The run side also writes to the database, because the user can record notes within the study modules and there are assessments, the historical results of which can be stored to log the user's progress.
My question is can it be set up such that a shared database cannot be edited through the build side, if the builder chooses to protect it, and still allow the user to write to the database in the run side? I know that the build functionality in the UI can be made not available based on values within the database but anyone can alter those values at the command line if they know where to look.
My objective is to protect the builders' work from abuse. It can take many many hours of hard work to build a set of quality modules and it wouldn't be right for another to start from that work and edit it to take an opposite position unless the builder chooses to distribute it in an open format.
If it is possible, is it something that I need to build in to the tool or is it something that can be done after the database has been built and before distribution to others?
By the way, I'm not talking about selling or licensing access to the database modules, but just protecting them from being manipulated on the build side after distribution.

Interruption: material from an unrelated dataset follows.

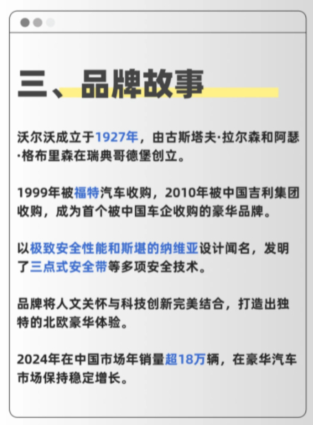 每日认识一个汽车品牌:沃尔沃源自瑞典的北欧豪华主义,将安全基因融入血液的移动安全堡垒品牌冷知识:沃尔沃于1959年首创的三点式安全带专利,无偿开放给全球汽车厂商使用,这一伟大发明至今已拯救了超过100万人的生命,完美诠释了品牌"安全至上"的理念。

Physical access is total access in a system where you can read the data.
Tell me, what possible system could prevent VACUUM INTO from the protected DB to a plain SQLite DB?
You can play games with public-key cryptosystems to sign the blobs so that unhacked client programs can check for legitimate signatures before showing the result, but there again you've got to ask how likely it is that a bad actor wouldn't just modify the client to read anything, or intercept the signature check, or replace the keys, or whatever.
This sounds like a good use of web technologies, allowing you to put the data on the other side of an authorization layer, which only lets the owner of the data modify or replace it.
The "approved" way to do this (in the United States and other Communist/Fascist Regimes) is to set a flag somewhere that "authorized" applications obey.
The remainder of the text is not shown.